O Dossier 27 de Maio trata de eventos ocorridos em Angola em 1977, que tiveram impacto na vida de muitos jovens. Um dos personagens centrais dessa história é Ambrósio Lemos, que foi colega de cela e campo do Tari na Kibala, em S.Paulo. Neste texto, vou compartilhar minhas lembranças de Ambrósio e refletir sobre o silêncio e o compromisso político que o mantiveram calado sobre a morte de seu irmão.

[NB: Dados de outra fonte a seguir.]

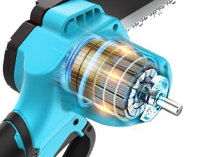 Featuring an upgraded copper motor, the RLSOO mini cordless chainsaw provides longer runtime, enhanced torque, and more power. This increases efficiency, reduces wear, and extends the chainsaw’s life. The high-quality manganese steel chain has undergone deep quenching, ensuring smooth and effective cutting.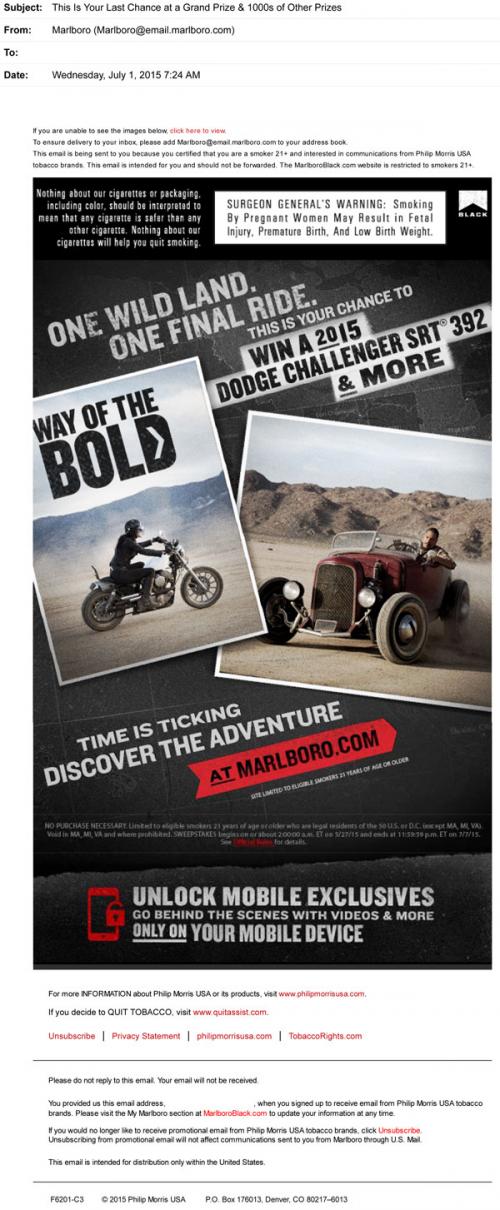 Email reminder from Marlboro in July 2015 of the last chance to enter in the Way of the Bold sweepstakes. Also includes an invitation to see behind the scenes footage on the brand website, with exclusive access via a mobile phone or other device.
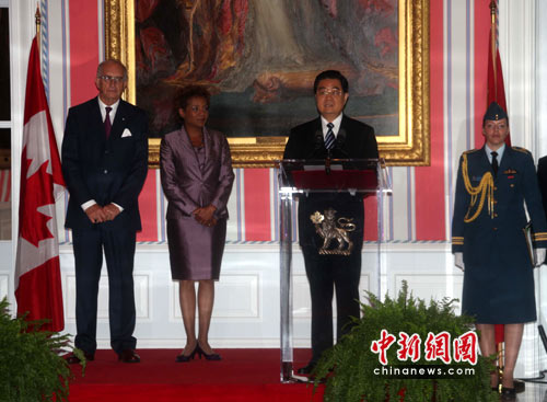 当地时间24日上午,正在这里进行国事访问的中国国家主席胡锦涛在加拿大总督府会见加拿大总督米夏埃尔·让。会见前,米夏埃尔·让夫妇为胡锦涛的到访举行了隆重的欢迎仪式。
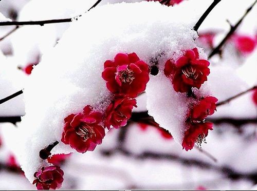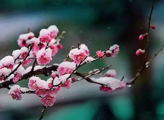 梅放辭冬迎雪開,青松高潔聳巖臺。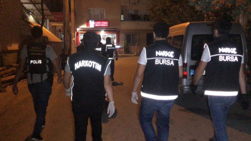 Bursa Emniyet Müdürlüğü Narkotik Suçlarla Mücadele Şube Müdürlüğü ekipleri uyuşturucu veya uyarıcı madde ticareti yapan şahıslara yönelik operasyon gerçekleştirdi. Narkotik ekipleri Kurban Bayramının son gününde yaptığı operasyonla sokak satıcılarına nefes aldırmazken, daha önce tespit edilen şüphelilerin kaldığı ikametlerin kapılarını koç başlarıyla kırıldı. Şüpheli şahısların ikametgahlarında narkotik köpeği fırtına ile yapılan aramalarda, 7 kilo 250 gram sentetik kannabionid uyuşturucu madde ele geçirilirdi. Ayrıca ekipler şüphelendikleri araçları ve sürücüleri de araçlardan indirerek arama yaptı. Gerçekleştirilen operasyonlarda 110 şüpheli şahıs sorgulandı ve ekipler çok sayıda şahıs gözaltına aldı.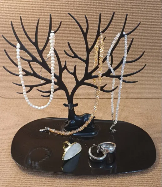 Антонина: «Прикольно смотрится в интерьере. Слегка великоват, думала, что займет меньше места, у меня столик маленький. Мне удобно вешать на рога оленя кольца и часы, которые надеваю ежедневно. Не приходится каждый день мыть, высушивать их и класть в шкатулку. В принципе можно брать».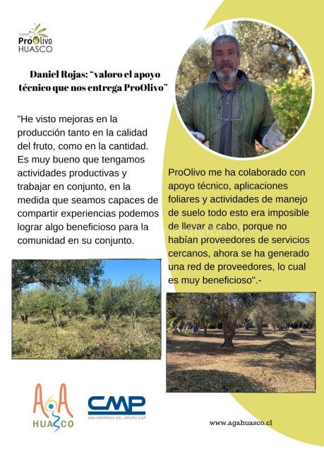 El Fondo ProOlivo tiene como objetivo central fortalecer la olivicultura en el Valle del Huasco, apoyando en terreno a los olivicultores, que hoy ven los frutos de este trabajo y expresan su opinión al respecto, Daniel Rojas, es uno de los usuarios de ProOlivo y entregó su opinión al respecto señalando que: “este es un proyecto colaborativo, económico, social beneficioso para el valle, porque genera beneficios como demanda de servicios y necesidad de mano de obra, hay varios benéficos derivados de la gestión de ProOlivo, esto corresponde a un esfuerzo conjunto, he visto mejoras significativas en los olivos, en el terreno y valoro el apoyo técnico que nos entrega la gente que trabaja en el Fondo”.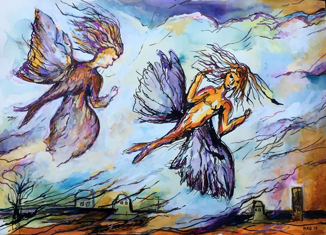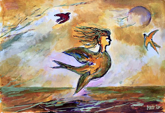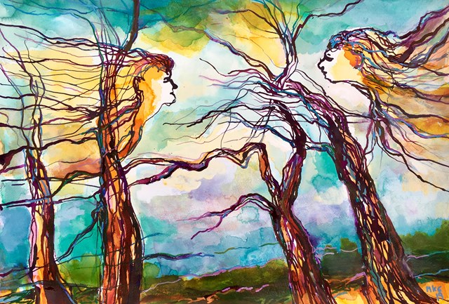 Mange af Miriams tuschmalerier handler om den umiddelbare glæde ved at være til, som de smukke sjæle vi er, hvor vi ikke defineres ud fra vores livshistorier, begrænsninger og bekymringer men finder vej ud fra sjælen og derfra mærker ind i frihed, lethed og glæde.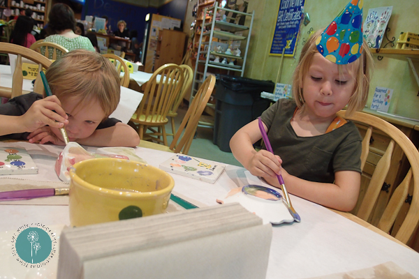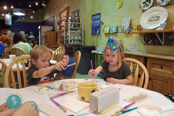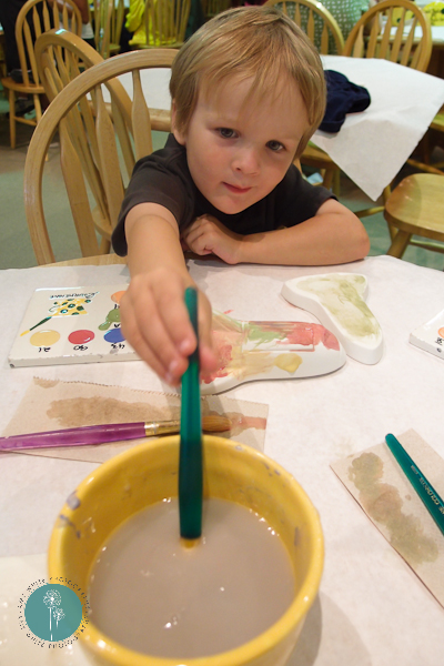 On Saturday we attended a birthday party for a cute little 4 year old girl, Annalie. We walked in and Annalie very joyfully said \”I\’m Four!\” and Quinn rebutted with a firm \”I\’m Three!\”. The party was at a paint your own pottery place. Quinn picked out a spaceship to paint.

Ambrósio Lemos era um jovem inteligente e promissor, envolvido na política e ativo no movimento MPLA. Infelizmente, ele perdeu seu irmão nos acontecimentos do dia 27 de Maio de 1977, um período marcado por violência e mortes. Embora tenha sobrevivido, Ambrósio foi obrigado a permanecer em silêncio pelo resto de sua vida, incapaz de falar sobre a perda de seu irmão ou até mesmo chorar por ele. Seu compromisso político com o MPLA o levou a ocupar cargos e patentes, mas também o obrigou a viver uma felicidade fingida, construída sobre o sangue e os destroços de tantas vidas perdidas.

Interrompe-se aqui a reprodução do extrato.